Try it ▸
Repeat exactly the lines below that lie between the line with "PALETA DE COLOR: color" and the line with "We study experimentally", counting both of those lines as part of the answer.

Source material ▸
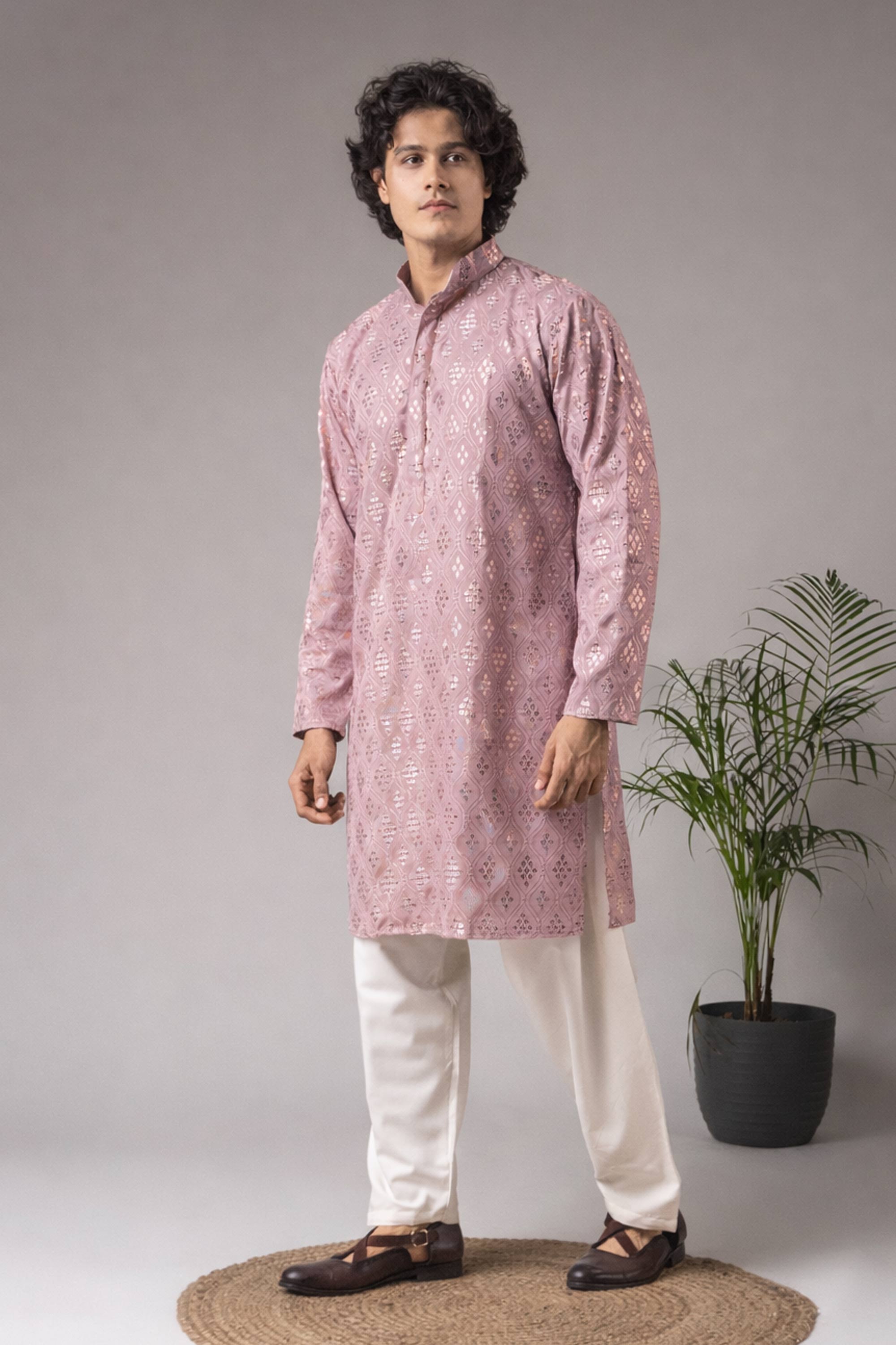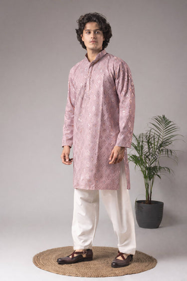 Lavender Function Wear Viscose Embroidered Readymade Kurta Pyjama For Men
...
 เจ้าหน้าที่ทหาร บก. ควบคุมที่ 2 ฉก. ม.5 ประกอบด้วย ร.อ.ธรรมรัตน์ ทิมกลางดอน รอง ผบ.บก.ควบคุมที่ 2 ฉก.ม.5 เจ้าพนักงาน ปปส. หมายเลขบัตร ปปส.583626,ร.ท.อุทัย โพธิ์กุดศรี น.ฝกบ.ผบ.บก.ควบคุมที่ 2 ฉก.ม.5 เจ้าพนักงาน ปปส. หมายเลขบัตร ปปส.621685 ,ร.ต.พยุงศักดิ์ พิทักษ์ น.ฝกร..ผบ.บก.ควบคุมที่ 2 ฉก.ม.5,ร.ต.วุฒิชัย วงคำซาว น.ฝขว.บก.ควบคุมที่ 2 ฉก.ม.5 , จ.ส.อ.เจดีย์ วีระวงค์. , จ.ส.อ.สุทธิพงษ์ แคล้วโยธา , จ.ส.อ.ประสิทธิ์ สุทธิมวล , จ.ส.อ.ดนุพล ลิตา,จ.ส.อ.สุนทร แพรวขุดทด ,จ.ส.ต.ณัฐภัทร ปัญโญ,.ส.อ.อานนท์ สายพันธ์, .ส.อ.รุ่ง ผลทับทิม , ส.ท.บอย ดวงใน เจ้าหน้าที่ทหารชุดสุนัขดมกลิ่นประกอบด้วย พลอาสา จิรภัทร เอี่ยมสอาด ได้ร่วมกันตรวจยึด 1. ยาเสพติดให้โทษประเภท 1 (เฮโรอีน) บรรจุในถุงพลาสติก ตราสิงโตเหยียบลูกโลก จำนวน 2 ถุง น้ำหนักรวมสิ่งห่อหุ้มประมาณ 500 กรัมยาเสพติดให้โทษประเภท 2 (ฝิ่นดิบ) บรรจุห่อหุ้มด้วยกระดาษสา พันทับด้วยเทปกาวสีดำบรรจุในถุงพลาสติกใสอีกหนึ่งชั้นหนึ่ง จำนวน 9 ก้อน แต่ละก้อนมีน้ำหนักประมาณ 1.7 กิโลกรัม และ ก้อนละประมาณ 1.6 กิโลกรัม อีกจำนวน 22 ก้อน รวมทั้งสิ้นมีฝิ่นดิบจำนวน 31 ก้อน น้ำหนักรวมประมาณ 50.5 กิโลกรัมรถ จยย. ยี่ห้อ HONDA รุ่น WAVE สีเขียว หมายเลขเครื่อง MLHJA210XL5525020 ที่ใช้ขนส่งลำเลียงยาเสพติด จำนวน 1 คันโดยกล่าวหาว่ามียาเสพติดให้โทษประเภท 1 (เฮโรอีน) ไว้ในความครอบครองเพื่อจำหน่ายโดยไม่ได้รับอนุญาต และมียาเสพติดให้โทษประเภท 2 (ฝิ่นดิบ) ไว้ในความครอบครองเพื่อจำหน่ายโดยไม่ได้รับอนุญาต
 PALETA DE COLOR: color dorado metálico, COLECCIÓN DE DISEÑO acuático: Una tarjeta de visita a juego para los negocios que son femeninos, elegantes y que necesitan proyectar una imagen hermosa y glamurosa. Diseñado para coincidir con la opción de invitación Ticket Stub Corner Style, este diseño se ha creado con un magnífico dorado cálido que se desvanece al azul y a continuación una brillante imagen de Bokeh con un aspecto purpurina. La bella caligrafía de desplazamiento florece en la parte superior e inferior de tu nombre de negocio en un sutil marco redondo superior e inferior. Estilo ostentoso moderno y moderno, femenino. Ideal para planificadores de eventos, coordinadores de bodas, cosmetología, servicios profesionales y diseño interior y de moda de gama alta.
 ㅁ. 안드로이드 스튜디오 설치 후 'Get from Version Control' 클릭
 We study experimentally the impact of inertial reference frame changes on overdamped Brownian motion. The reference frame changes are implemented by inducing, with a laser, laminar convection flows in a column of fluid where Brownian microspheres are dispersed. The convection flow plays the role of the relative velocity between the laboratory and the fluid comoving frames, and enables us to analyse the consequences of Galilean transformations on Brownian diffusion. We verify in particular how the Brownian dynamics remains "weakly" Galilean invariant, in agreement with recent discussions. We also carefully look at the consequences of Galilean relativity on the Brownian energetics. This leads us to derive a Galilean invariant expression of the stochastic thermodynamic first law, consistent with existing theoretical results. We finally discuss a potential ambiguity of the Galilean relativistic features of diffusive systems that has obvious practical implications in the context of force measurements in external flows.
---
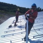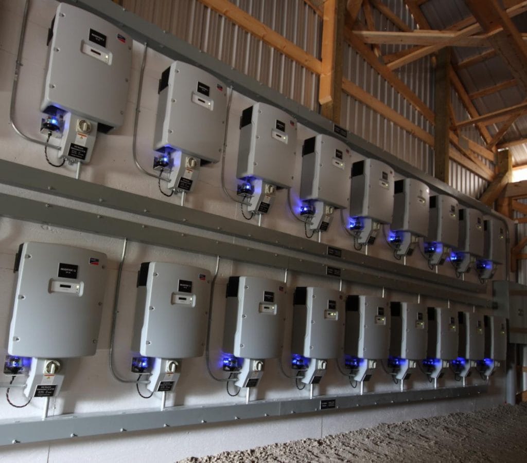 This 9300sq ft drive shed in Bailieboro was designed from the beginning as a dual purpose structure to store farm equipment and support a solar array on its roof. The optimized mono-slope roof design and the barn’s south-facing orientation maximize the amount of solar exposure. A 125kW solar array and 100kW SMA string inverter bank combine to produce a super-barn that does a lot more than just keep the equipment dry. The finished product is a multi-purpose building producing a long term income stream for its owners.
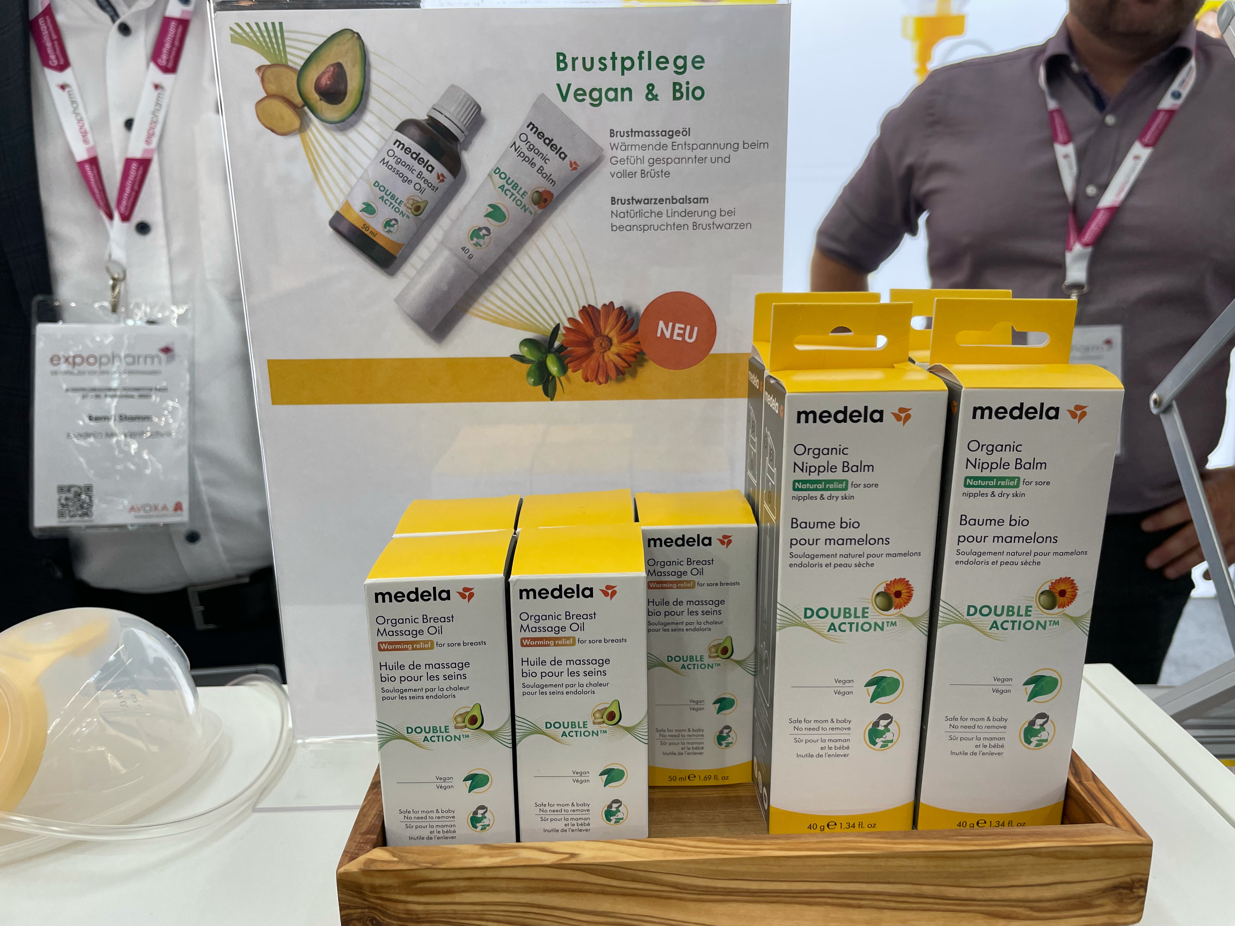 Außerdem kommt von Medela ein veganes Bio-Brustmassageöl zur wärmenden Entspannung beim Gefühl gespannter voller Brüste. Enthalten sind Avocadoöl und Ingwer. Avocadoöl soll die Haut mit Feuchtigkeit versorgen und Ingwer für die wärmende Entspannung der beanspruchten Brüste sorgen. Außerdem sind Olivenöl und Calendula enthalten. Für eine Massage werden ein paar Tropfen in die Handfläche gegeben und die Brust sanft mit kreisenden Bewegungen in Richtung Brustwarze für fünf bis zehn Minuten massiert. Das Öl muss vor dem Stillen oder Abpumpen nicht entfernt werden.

Your solution ▸
 PALETA DE COLOR: color dorado metálico, COLECCIÓN DE DISEÑO acuático: Una tarjeta de visita a juego para los negocios que son femeninos, elegantes y que necesitan proyectar una imagen hermosa y glamurosa. Diseñado para coincidir con la opción de invitación Ticket Stub Corner Style, este diseño se ha creado con un magnífico dorado cálido que se desvanece al azul y a continuación una brillante imagen de Bokeh con un aspecto purpurina. La bella caligrafía de desplazamiento florece en la parte superior e inferior de tu nombre de negocio en un sutil marco redondo superior e inferior. Estilo ostentoso moderno y moderno, femenino. Ideal para planificadores de eventos, coordinadores de bodas, cosmetología, servicios profesionales y diseño interior y de moda de gama alta.
 ㅁ. 안드로이드 스튜디오 설치 후 'Get from Version Control' 클릭
 We study experimentally the impact of inertial reference frame changes on overdamped Brownian motion. The reference frame changes are implemented by inducing, with a laser, laminar convection flows in a column of fluid where Brownian microspheres are dispersed. The convection flow plays the role of the relative velocity between the laboratory and the fluid comoving frames, and enables us to analyse the consequences of Galilean transformations on Brownian diffusion. We verify in particular how the Brownian dynamics remains "weakly" Galilean invariant, in agreement with recent discussions. We also carefully look at the consequences of Galilean relativity on the Brownian energetics. This leads us to derive a Galilean invariant expression of the stochastic thermodynamic first law, consistent with existing theoretical results. We finally discuss a potential ambiguity of the Galilean relativistic features of diffusive systems that has obvious practical implications in the context of force measurements in external flows.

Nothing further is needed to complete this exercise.